Rich-but-benevolent New Yorker Jervis, a trustee of an orphanage, funds their brightest young girl through university anonymously, with one of his few requests being a monthly letter by way of a report on her progress. The story is largely told through these letters, over a period of four years until just after her graduation. Orphan Jerush meets Jervis as he is the uncle of one of her college friends, but she doesn’t know he’s ‘Mr. Smith’ her benefactor. If course, they fall in love and it all ends happily.

Paul Gordon’s score is simply beautiful, superbly played by a six-pice orchestra under Caroline Humphris. It is almost, but not completely, sung through with so many gorgeous melodies and lyrics which propel the story forward, though sometimes unevenly (some time periods getting longer than others). David Farley’s wood panelled period design and John Caird’s simple staging enable to show to flow seamlessly through a lot of scenes and a years.

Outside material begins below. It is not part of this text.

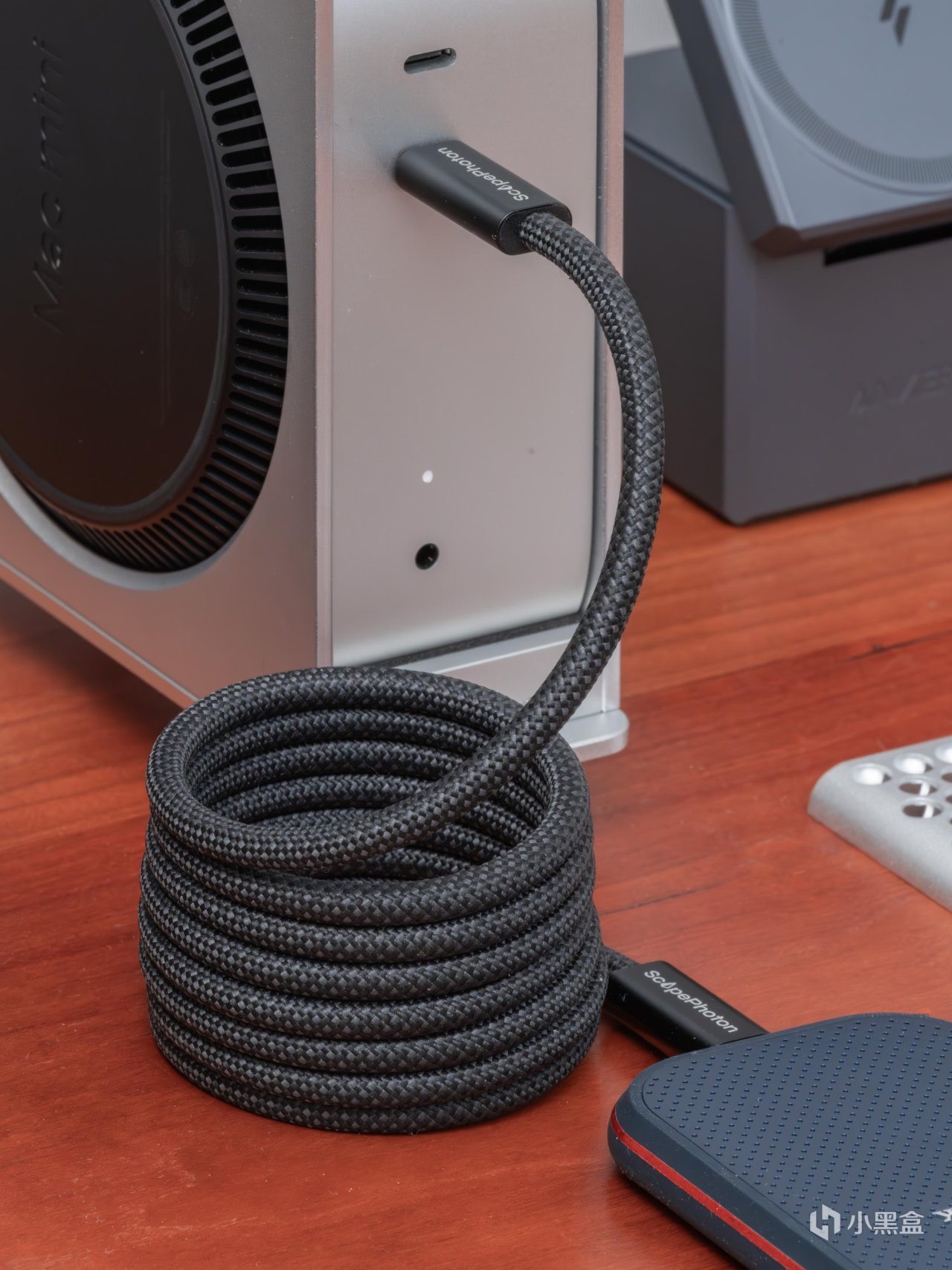 作爲一款雷電 4 數據線,ScapePhoton 自然是 Macmini M4 的好幫手,一方面是它可以完美適配 40Gbps 的端口性能,1.5 米的線長也很夠用。

Though I liked both Robert Adelman Hancock as Jervis / Smith and Megan McGinnis as Jerush, it was the latter’s vocal performances which blew me away; one of the best musical theatre voices I’ve ever heard.

The cheese level is a little high, but well worth living with for what I thought was a delightful chamber musical. This was my first visit to the new St. James Theatre (such a good name) and it’s a nice intimate space – very much like Trafalgar Studio 1 (steep!) but a little smaller size.